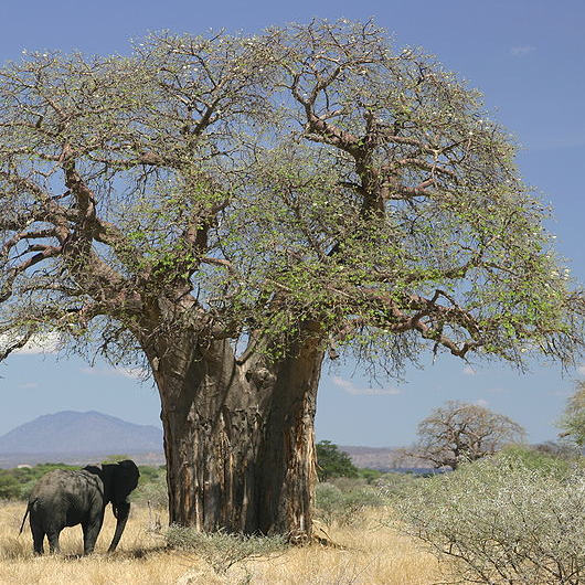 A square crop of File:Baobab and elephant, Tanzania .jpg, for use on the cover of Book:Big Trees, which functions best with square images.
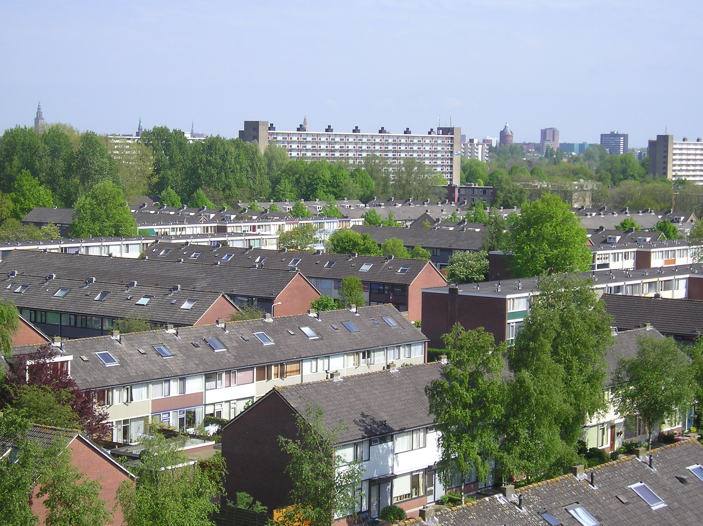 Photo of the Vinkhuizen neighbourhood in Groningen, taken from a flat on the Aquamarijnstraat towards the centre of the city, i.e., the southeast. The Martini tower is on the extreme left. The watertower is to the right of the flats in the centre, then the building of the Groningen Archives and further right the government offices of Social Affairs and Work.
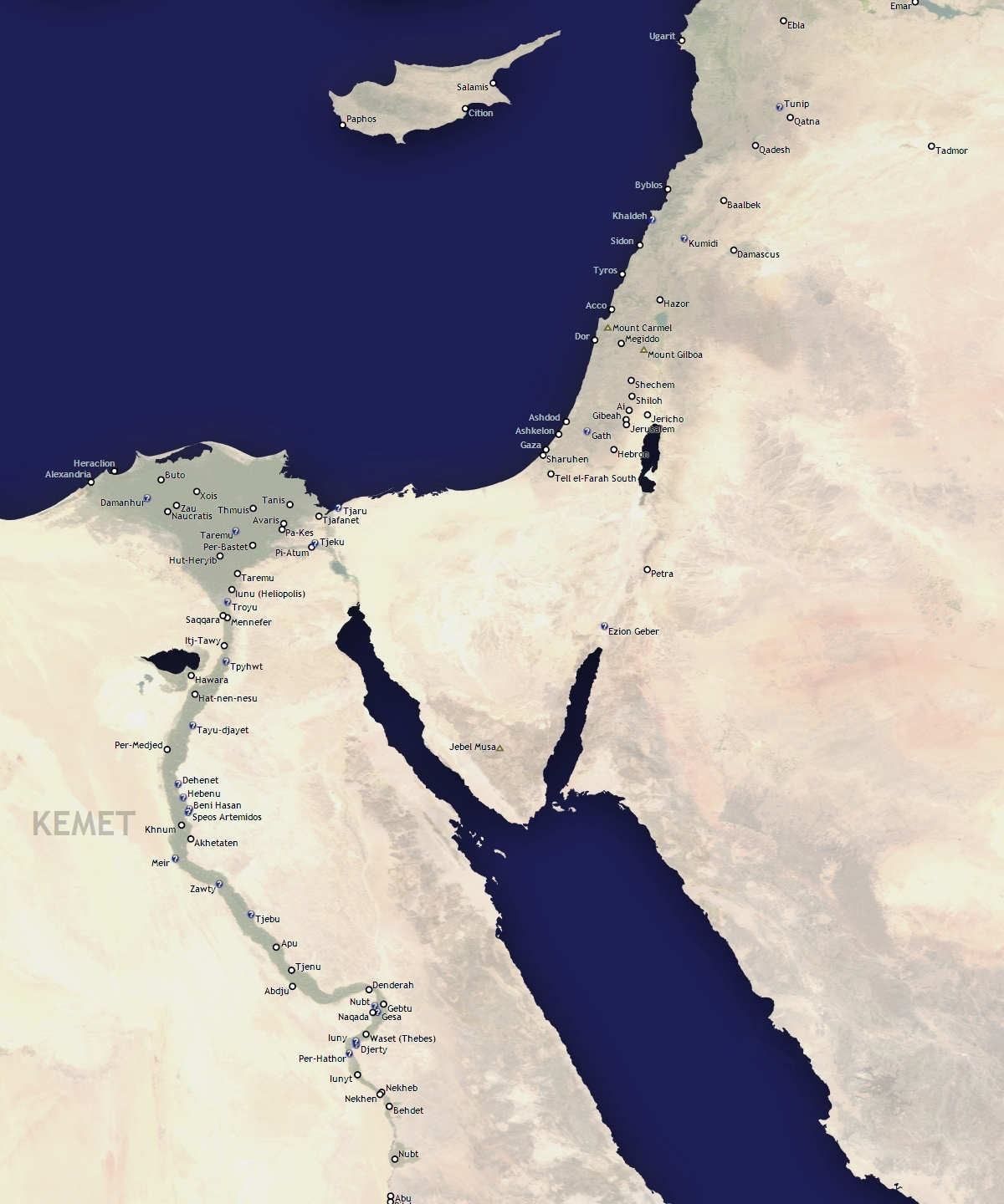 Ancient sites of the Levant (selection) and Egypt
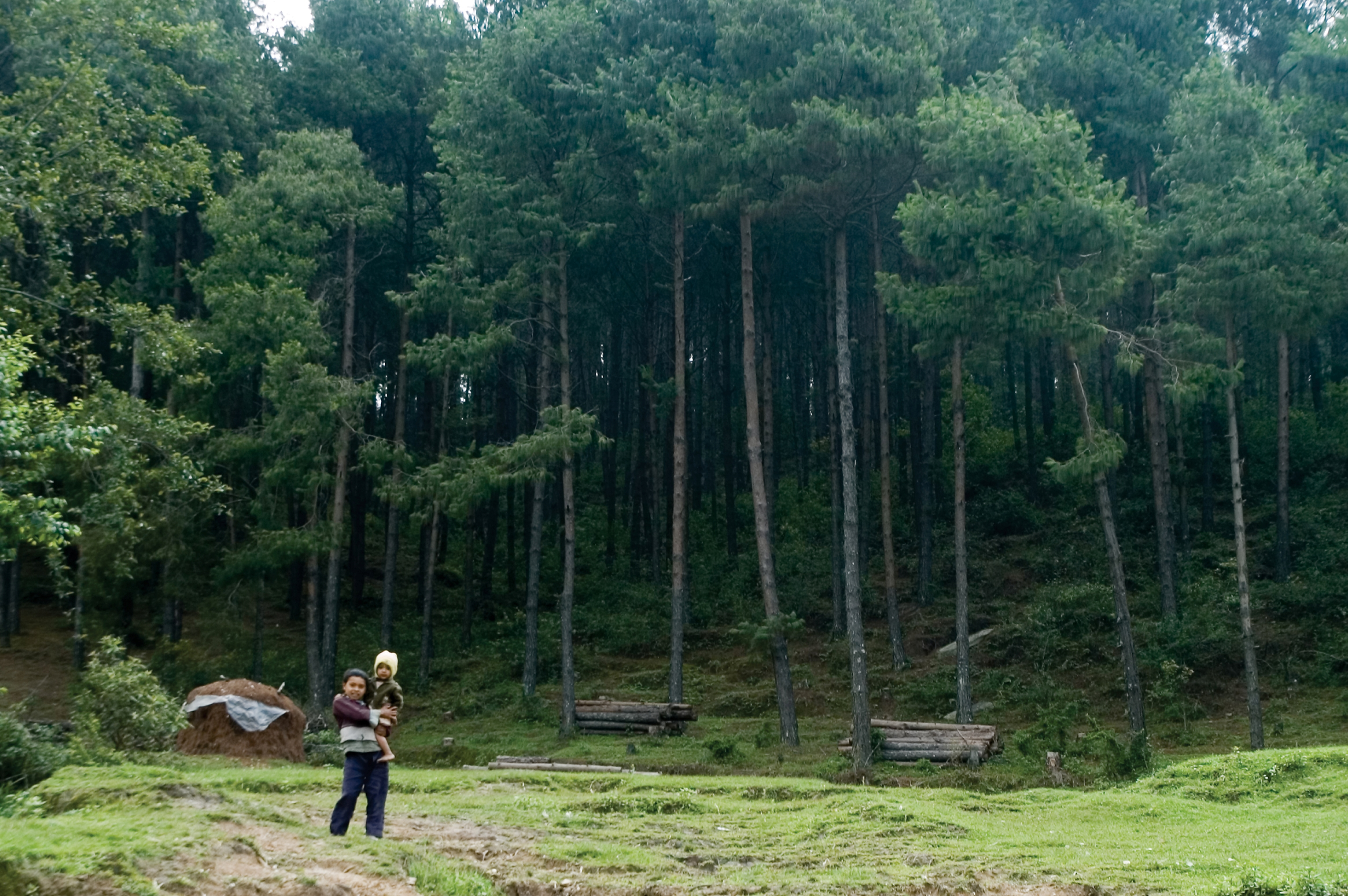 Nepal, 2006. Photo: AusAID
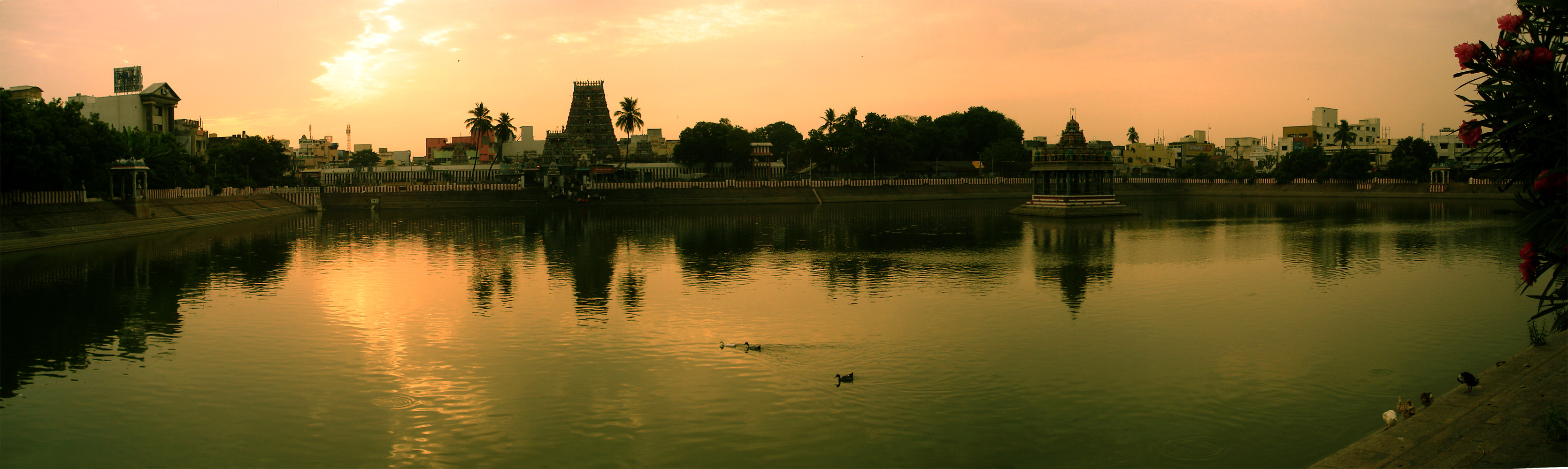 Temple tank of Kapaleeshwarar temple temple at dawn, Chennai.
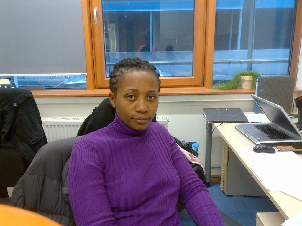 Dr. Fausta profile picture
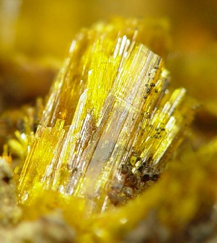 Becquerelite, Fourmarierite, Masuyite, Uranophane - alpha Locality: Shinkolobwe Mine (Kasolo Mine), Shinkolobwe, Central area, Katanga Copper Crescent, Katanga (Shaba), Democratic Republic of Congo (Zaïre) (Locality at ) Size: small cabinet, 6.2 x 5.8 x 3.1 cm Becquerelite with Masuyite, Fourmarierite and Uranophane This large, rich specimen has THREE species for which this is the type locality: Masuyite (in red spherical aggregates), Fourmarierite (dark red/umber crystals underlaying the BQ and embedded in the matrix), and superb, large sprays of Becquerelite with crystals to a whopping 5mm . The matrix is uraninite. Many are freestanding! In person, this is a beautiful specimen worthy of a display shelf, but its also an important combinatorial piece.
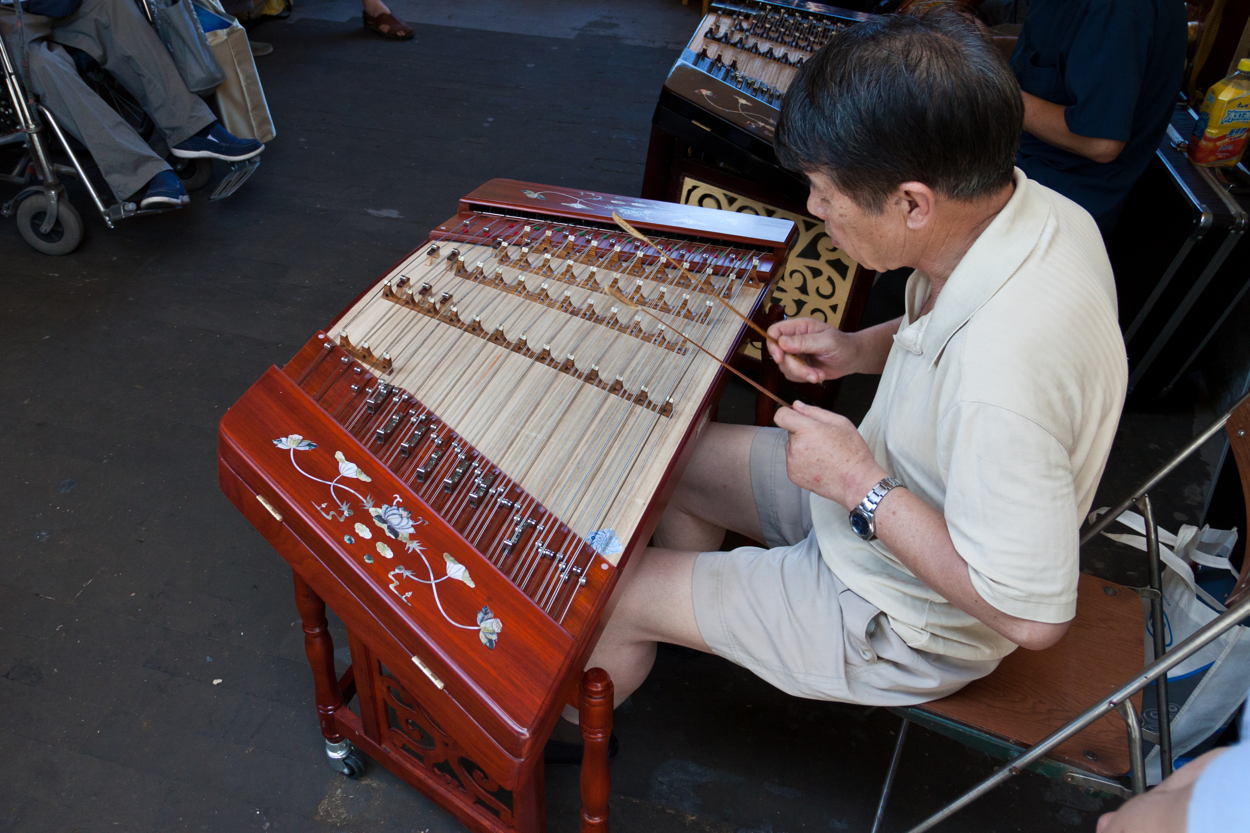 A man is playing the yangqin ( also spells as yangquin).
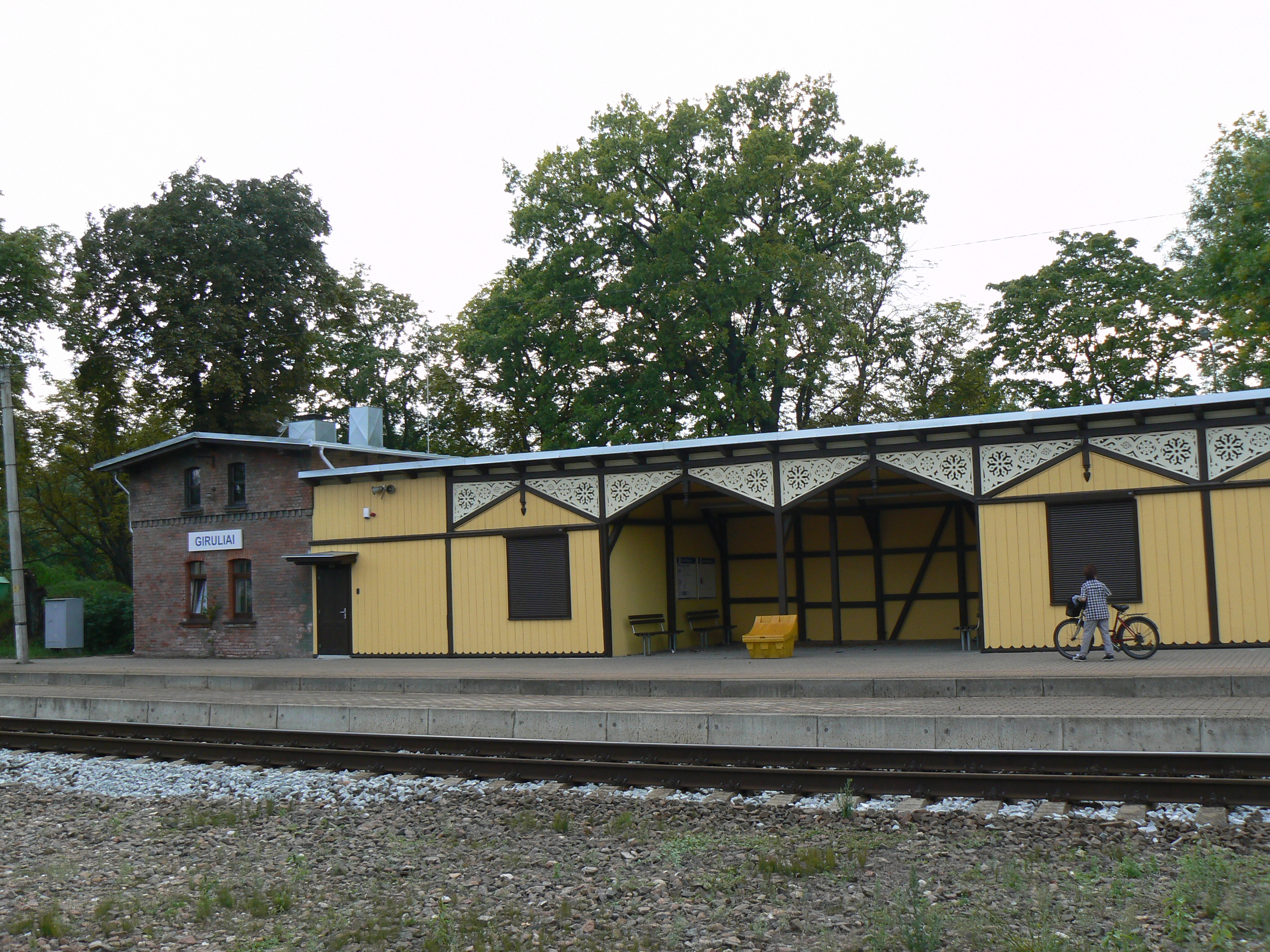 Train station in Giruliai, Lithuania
:::::
PROBLEM TO SOLVE | Reproduce exactly, and only, the lines from the one containing "Temple tank of" through the last line of the records above, both included, leaving out any pictures.

TASK SOLUTION |
 Temple tank of Kapaleeshwarar temple temple at dawn, Chennai.
 Dr. Fausta profile picture
 Becquerelite, Fourmarierite, Masuyite, Uranophane - alpha Locality: Shinkolobwe Mine (Kasolo Mine), Shinkolobwe, Central area, Katanga Copper Crescent, Katanga (Shaba), Democratic Republic of Congo (Zaïre) (Locality at ) Size: small cabinet, 6.2 x 5.8 x 3.1 cm Becquerelite with Masuyite, Fourmarierite and Uranophane This large, rich specimen has THREE species for which this is the type locality: Masuyite (in red spherical aggregates), Fourmarierite (dark red/umber crystals underlaying the BQ and embedded in the matrix), and superb, large sprays of Becquerelite with crystals to a whopping 5mm . The matrix is uraninite. Many are freestanding! In person, this is a beautiful specimen worthy of a display shelf, but its also an important combinatorial piece.
 A man is playing the yangqin ( also spells as yangquin).
 Train station in Giruliai, Lithuania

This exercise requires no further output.